Combining Polars and Tidyverse for Python
Note
tidypolars provides functions that match as closely as possible to R’s Tidyverse functions for manipulating data frames and conducting data analysis in Python using the blazingly fast Polars as backend.
Key features
- Fast: Uses Polars as a backend for data manipulation. Therefore, it inherits many advantages of that module: fast, parallel, GPU support, etc.
- Tidy: Keeps the data in a tidy (rectangular table) format (no multi-indexes).
- Syntax: While Polars is fast, the syntax is not the most intuitive. The package provides frontend methods that match R’s Tidyverse functions, making it easier for users familiar with that ecosystem to transition to this library.
- Extended functionalities: Polars is extended to facilitate data manipulation and analysis for academic research.

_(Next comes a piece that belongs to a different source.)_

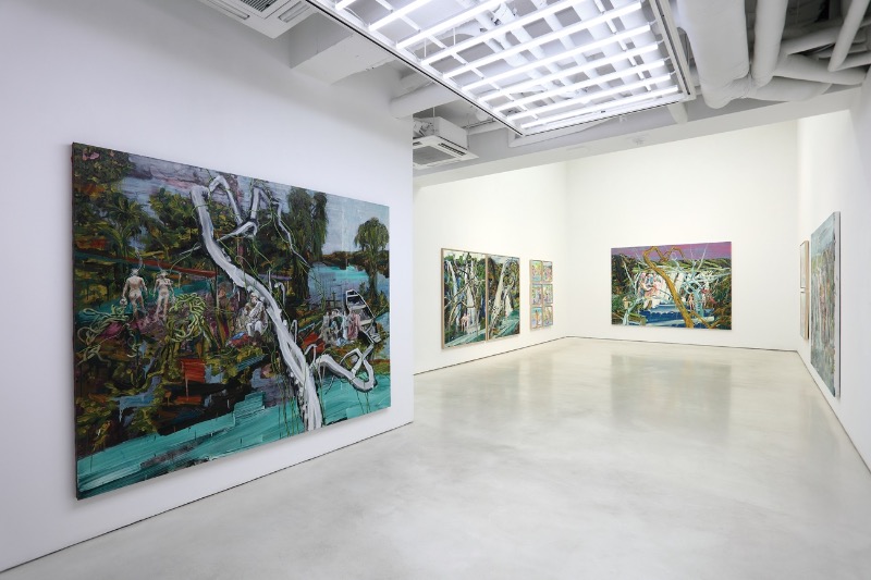 전시장 입구에 들어서면 나란히 놓인 6개의 동시대의 일상적 모습이 마치 ‘밈(Meme)’이나 ‘짤’과 같은 가벼운 이미지가 맞이하며 밝고 경쾌한 느낌으로 시작된다. 하지만 전시장 안으로 들어서면 이내 강한 붓터치와 세밀한 묘사, 그리고 층층이 쌓아 올린 질료들이 엉킨 무거운 작품들과 맞닥뜨리게 된다. 또한, 즉흥적이고 화려한 색감의 작품들과 무거우며 성스럽기까지 한 작품들이 이질적으로 곳곳에 포진하며 관람자에게 궁금증의 미궁 속으로 빠져들게 만들며 혼란을 가중시킨다. “눈먼자의 숲에서 메두사를 보라” 가장 먼저 숲과 서양 고전 명화에 나올 듯한 신화적 이미지가 눈에 들어온다. 숲은 아마존의 원시림과 같이 나무를 휘감은 칡넝쿨이 복잡하게 얽혀 관람자에게 숨겨진 암호를 찾는 난해한 과정을 예고한다. 이어서 신화 속의 인물 디오니소스, 아르테미스, 오이디푸스 등 원작과 출처 그리고 역사적 배경지식을 쌓지 않으면 해석하기 힘든 복잡한 이야기 구성을 펼쳐 놓는다. 이는 작가의 다양한 독서와 동서양 명화의 감상체험 그리고 철학적 사상이자, 본질을 찾아가는 과정에 숨어있는 맥거핀의 연속으로 비밀을 풀어야 하는 대상으로 인식하며 긴장감을 높인다. 그러나 작품에서 주는 메시지는 명료하다. 작가는 “신화에서 메두사의 무섭고 흉측한 모습과 돌로 만드는 능력이라는 설정은 아마도 사회라는 대타자가 주는 경고의 알레고리일 것이다. 이는 개인의 의지와 생명, 감각의 가능성은 석화되면 안 된다는 것을 메두사를 통해서 경고하고 있다.”라고 말한다. 눈먼 자의 숲은 눈을 가림으로 감각의 예민함을 회복하고, 공정성을 담보하며, 시각을 배제하여 예민해진 감각과 어둠의 사유를 통해 만나는 새로운 세상으로 회귀를 의미함을 설명한다. 그리고 코라(chora)상태로 소환함으로서 시적 언어나 발화 이전의 미분화 감각의 숲으로 인도함에 있다고 화면에 나타난 수많은 메타포(metaphor) 속에 본질을 이야기하고 있다. 마치 스스로 벌하고 눈뜨기 이전상태로 자신을 돌려버리는 오이디푸스의 결단이, 소멸을 통해 재탄생한 것과 같이 대중이 무뎌진 감각의 회복을 시도하여 원초성의 회복을 꿈꾸는 것과 같은 의미이다. “낯선 숲의 일탈자들” “우리가 꿈을 꾸다가 깨어나면 꿈속에서는 해도 되는 일들이 사회적인 통념, 가치관, 선악의 기준으로 ‘슈퍼애고(superego)’라는 초자아가 억압시킨다. 그래서 현실에서 억압된 것들이 변형되어 나타나는 것이, 밈, 환각, 이상한 행동 등에서 나타난다”라고 작가는 말을 한다. 작품에 일탈자들은 현실이 마냥 꿈같이 느껴진다. 일상에서 벌어진 많은 일이 꿈속에서 느껴지는 매트릭스와 같이 현실이 꿈일 수도 있는 것이다. 꿈같은 형상들이 비이성적이며 일탈적인 것, 인간의 욕망을 표출하는 것, 익숙한 낯선 숲이지만 꿈같은 낯선 숲을 조성하고 현실을 대입하는 것들이 제한이 없이 표현되고 있다. 인터넷에서 떠도는 가벼운 이미지를 수집하며 또 다른 자아의 실체를 찾으려는 노력의 연장선에 있는 시도이며 신화, 철학, 역사 등을 섭렵하면서 현실에서 도달할 수 없는 유토피아에 대한 회의적 사고의 산물인 것이다. “지난 시대는 개인의 욕망이 밖으로 표출 할 수 있는 사건들이 있었지만, 현시대에는 점차 소실된 한정적인 공간에서 내적 새로운 공간인 매트릭스 세계 즉, 증강현실로 찾아 들어간다. 기억을 통해 가상세계로 들어가면 모든 것들이 균등하게 배열한다. 화엄경의 세계 즉, 모든 사람이 자신의 욕망과 의지를 실현할 수 있는 세계가 현실적으로 가능한 유토피아는 영적 차원의 세계가 아닌가 생각한다.”라고 작가는 말한다. 실제 일론 머스크가 인간의 뇌에 칩을 심으며 서로 마인드 퐁(mind pong)하며, 기억을 저장하고 재생하는 시도가 실현되고 있다는 점에서 설득력을 가진다. 그러므로 작가는 ‘낯선 숲의 일탈자들’을 통해, 모든 감각의 기준인 몸을 억압하는 많은 이성적 체계와 규칙에 얽매이지 않고 감각과 욕망을 마음껏 표출할 수 있는 낯선 숲의 유토피아와 현대적 히피 행동의 일탈자들을 통해 나 혹은 우리를 대신한 일말의 희망을 보여준다. “이야기가 어렵지 그림은 어렵지 않다.” 작가는 “우주의 생성이 수만년 걸린다고 생각했는데, 빅뱅이론에 의하면 짓눌려 있는 수많은 물질이 한 번에 폭발하여 1초 만에 생성된다고 한다.”라고 이야기하며 화가의 붓질 속에서도 미리 내재 되어 있는 잠재성이 일회성인 기운생동으로 나타난다고 말한다. 2년이 채 안 되는 작업의 변화과정을 선보이는 이번 전시에 담론의 깊이와 심오한 작업에서 일회성에 중점을 두며 손과 질료가 맞닿은 느낌의 붓질이 두 번 가지 않는 감각적 극대화를 보여주려는 것이다. 회화를 중심으로 오브제, 설치, 사진, 미디어아트, 퍼포먼스, 실험영화까지 다양한 활동을 해온 작가이기 때문에 지금의 변화도 크게 놀라울 일도 아니다. 작품의 내용적인 면인 신화, 철학, 정신분석학 그리고 이를 위한 표현형식인 포스트모더니즘까지 4가지의 코드에 대한 경계를 넘나드는 이러한 실험은 관객 스스로가 스펙트럼을 넓히고 이미지에

- Research: The package is designed to facilitate academic research, data analysis, and reporting of results. It provides functions to quickly produce tables using minimal code, and whose output matches the format commonly used in academic publications. Those output formats include LaTeX, Excel, CSV, and others.
Syntax
The main motivation for tidypolars was to provide more readable and elegant syntax in Python for Polars, similar to R’s Tidyverse, while (1) extending Polars functionalities to facilitate data manipulation and (2) keeping the advantages of speed and efficiency in data processing provided by that module. Here are some examples of syntax differences:
tab = (df
.filter(tp.col("carb")<8)
.filter(tp.col("name").str.contains("Mazda|Toyota|Merc"))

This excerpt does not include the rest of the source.